WHAT IS EXPECTED:
Output exactly the lines from the one containing "Set Kem Mắt" through the final line of the entries below, both included, and skip the pictures.

WORKING DATA Start Marker

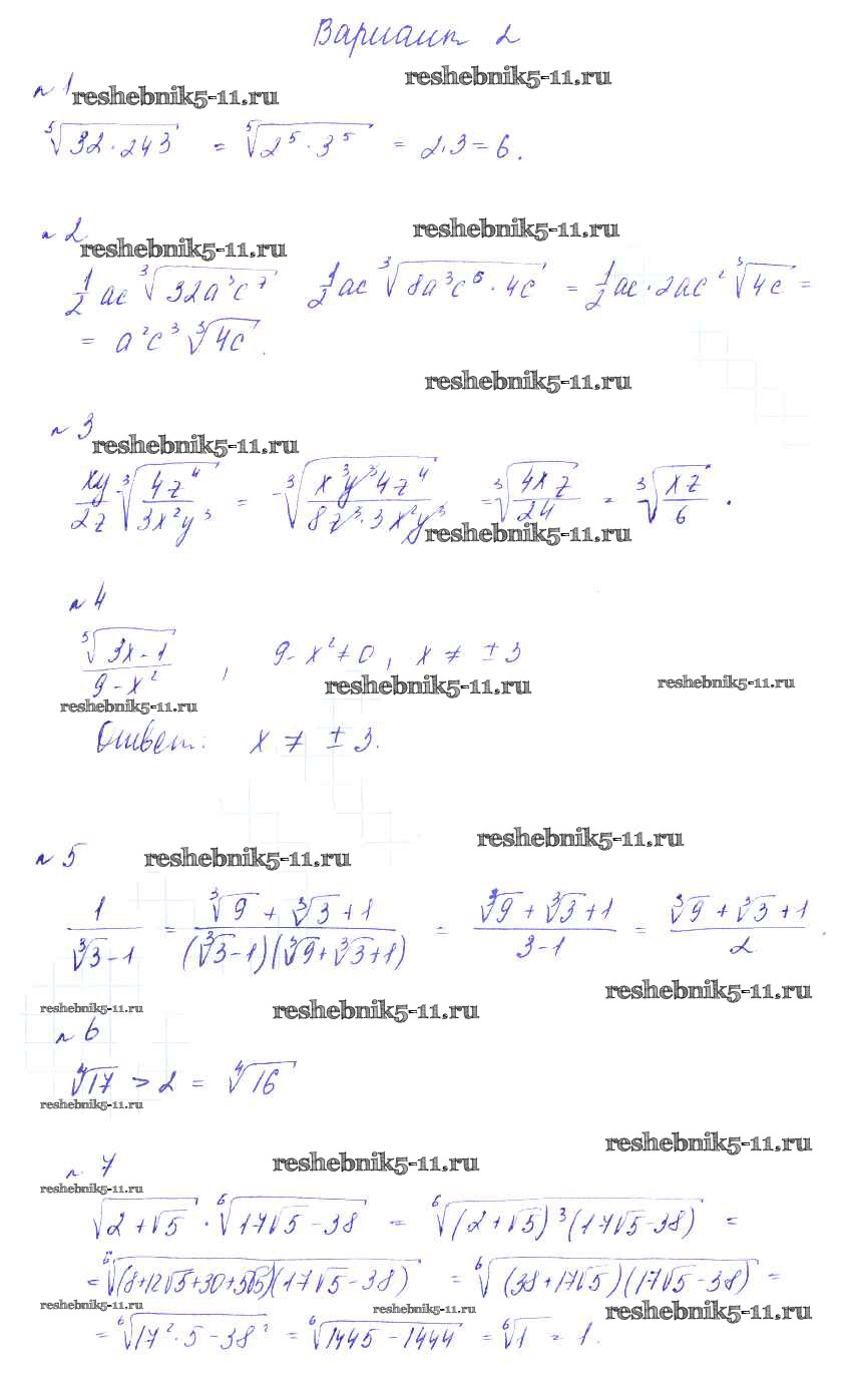 Готовая домашняя работа с ответами по Алгебре за 9 класс Зив, Гольдич Дидактические материалы Виктория плюс 2013 ФГОС - СР-6. Корень натуральной степени вариант 2
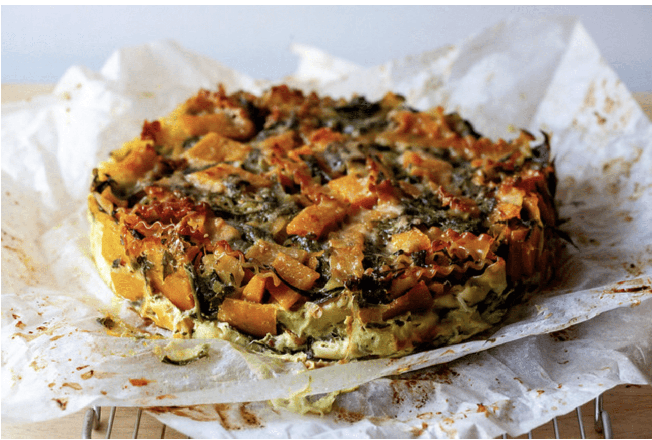 “This is not a usual pasta bake. We do not boil the noodles. We do not make or buy a sauce. We do not roast the winter squash or even sauté the greens. We throw every single ingredient raw into a big bowl for mixing and pour that into a parchment-slung springform (or equivalently-sized pan) pan and bake it for 90 minutes. That’s the rub; it takes a long time to cook. But this time is entirely hands-off, save removing the foil midway. You won’t be scrubbing pots, as the sum of your dishes to wash will be a cutting board, knife, whisk, grater, and a bowl.
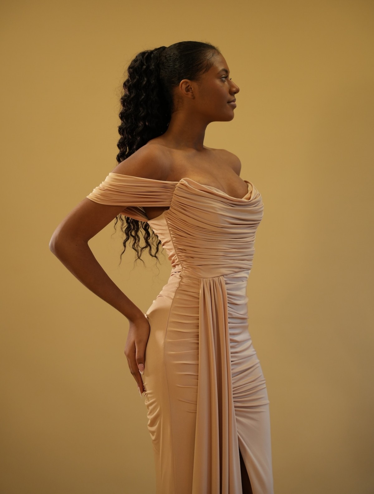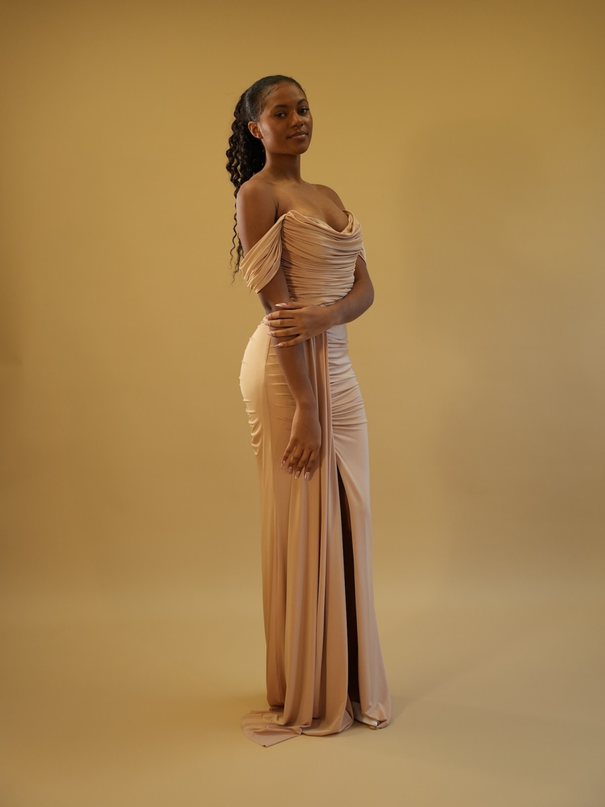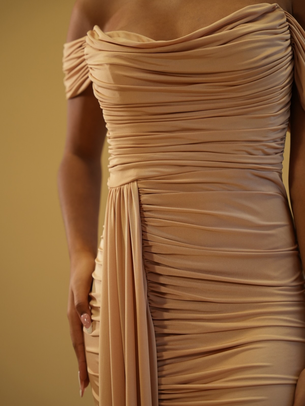 Robe longue drapée épaules dégagées - nude
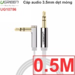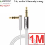 Cáp Audio 3.5mm bẻ góc 90 độ Ugreen 0.5m, 1m, 1.5m, 2m, 3m, 5m. Cáp dẹt, mềm, đầu cáp được mạ vàng 24k
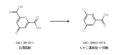 2.通過白屈菜酸合成4,6-二氯吡啶-2-羧酸
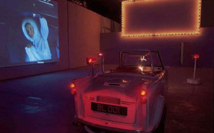 Georgina Starr – Bunny Lake Drive-In. The Bunny Lake Drive-in forms the third part of the Bunny Lake trilogy. As with earlier works by Starr, it finds it’s references in film and the interplay between fiction and reality. In this case, the work is partly inspired by two films of the sixties, Bunny Lake Is Missing (Otto Preminger, 1965) and Peter Bogdanovich’s Targets (1967). For this major installation, Starr reconstructs a drive-in cinema complete with a customised open top car, listening posts and 3 large scale projections.
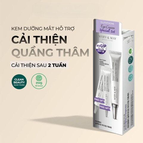 Set Kem Mắt Mary & May Glutathione Eye Cream Special Set (30g+12g x2) là bộ kem mắt giúp dưỡng sáng vùng da mắt, giảm thâm quầng và cải thiện nếp nhăn. Với thành phần Glutathione nổi bật, sản phẩm giúp vùng da mắt tươi sáng, mịn màng hơn.
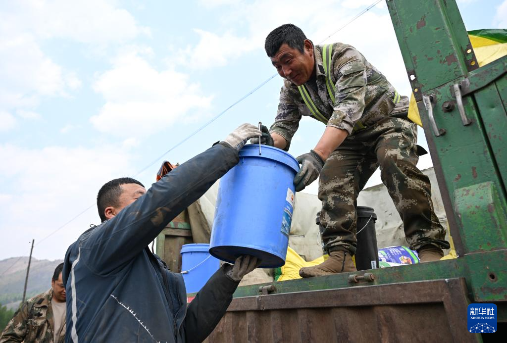 5月21日,在位于扎兰屯市的呼伦贝尔农垦绰尔河农牧场,工作人员在搬运大豆种子。
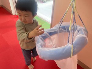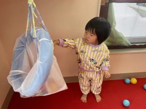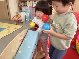 ボールをバスケットゴールのようなものに入れたり、筒状の入れ物を通したりとあそびがどんどん発展していきます。

WORKING DATA End Marker

REPLY:
 Set Kem Mắt Mary & May Glutathione Eye Cream Special Set (30g+12g x2) là bộ kem mắt giúp dưỡng sáng vùng da mắt, giảm thâm quầng và cải thiện nếp nhăn. Với thành phần Glutathione nổi bật, sản phẩm giúp vùng da mắt tươi sáng, mịn màng hơn.
 5月21日,在位于扎兰屯市的呼伦贝尔农垦绰尔河农牧场,工作人员在搬运大豆种子。
 ボールをバスケットゴールのようなものに入れたり、筒状の入れ物を通したりとあそびがどんどん発展していきます。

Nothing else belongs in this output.